NFA Board Approves Prohibition of Credit Cards to Fund Retail Forex Accounts
The National Futures Association ("NFA") announced that its Board approved and submitted to the CFTC for review a ban on the use of credit cards to fund retail forex and futures accounts.
The prohibition, which is reflected in the proposed adoption of an Interpretive Notice to NFA Compliance Rules 2-4 and 2-36 ("Prohibition on the Use of Certain Electronic Funding Mechanisms"), is a result of a study by the NFA of forex dealer members' business practices.
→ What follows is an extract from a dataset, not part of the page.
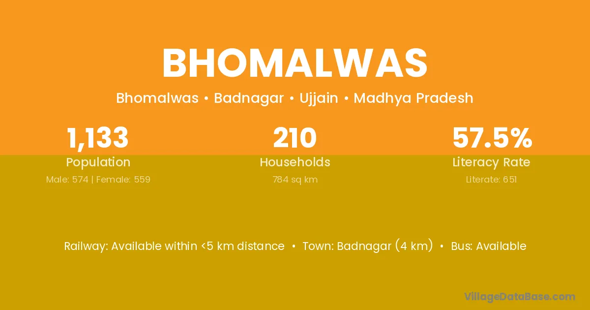 Badnagar (4 km) is the nearest town to Bhomalwas village for major economic activities and is located approximately 4 km away.
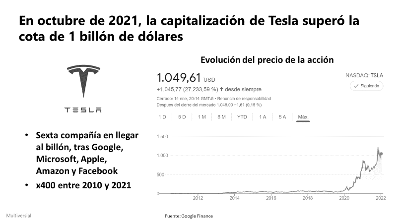 El pasado mes de octubre el precio de las acciones de Tesla superó los 1.000 dólares. Más allá de representar una cifra simbólica (que por lo demás es fácilmente manipulable por medio de splits y contrasplits) lo que realmente fue noticia ese día es que la capitalización bursátil de la compañía (esto sí tiene más sustento) superaba el billón de dólares. Por si hay alguna duda, un 1 seguido de 12 ceros, lo que los angloparlantes llaman one trillion. De esta forma entraba en un selecto club en el que sólo había otras cinco compañías: Alphabet (antes Google), Microsoft, Apple, Amazon y Facebook (ahora Meta). Además, Tesla tiene el honor de ser la segunda compañía que menos tiempo ha tardado en alcanzar esa cota, sólo por detrás de Meta.

In the study, the NFA examined over 15,000 retail forex accounts and found that a number of these accounts were funded by small retail customers using a credit card or borrowed funds, and that a majority of these accounts were unprofitable.
The proposed Interpretive Notice therefore prohibits members from allowing customers to fund futures or forex accounts with a credit card or other electronic methods tied to a credit card. According to the NFA, this prohibition is consistent with the NFA's position that it is a violation of Compliance Rule 2-4 ("Just and Equitable Principles of Trade") and Rule 2-36 ("Requirements for Forex Transactions") to encourage customers to borrow money to invest, since credit "readily allows individuals to borrow funds to purchase goods and services" and "without adequate mechanisms in place to ensure that customers are not borrowing funds to invest in the highly volatile futures and forex markets, Members should not be permitted to allow their customers to invest via electronic funding mechanisms." The proposed Interpretive Notice does not, however, ban forms of electronic funding mechanisms that are tied to a customer's bank account at a financial institution, such as a debit card or PayPal account.
See: Proposed Adoption of Interpretive Notice to Compliance Rules 2-4 and 2-36; NFA Press Release.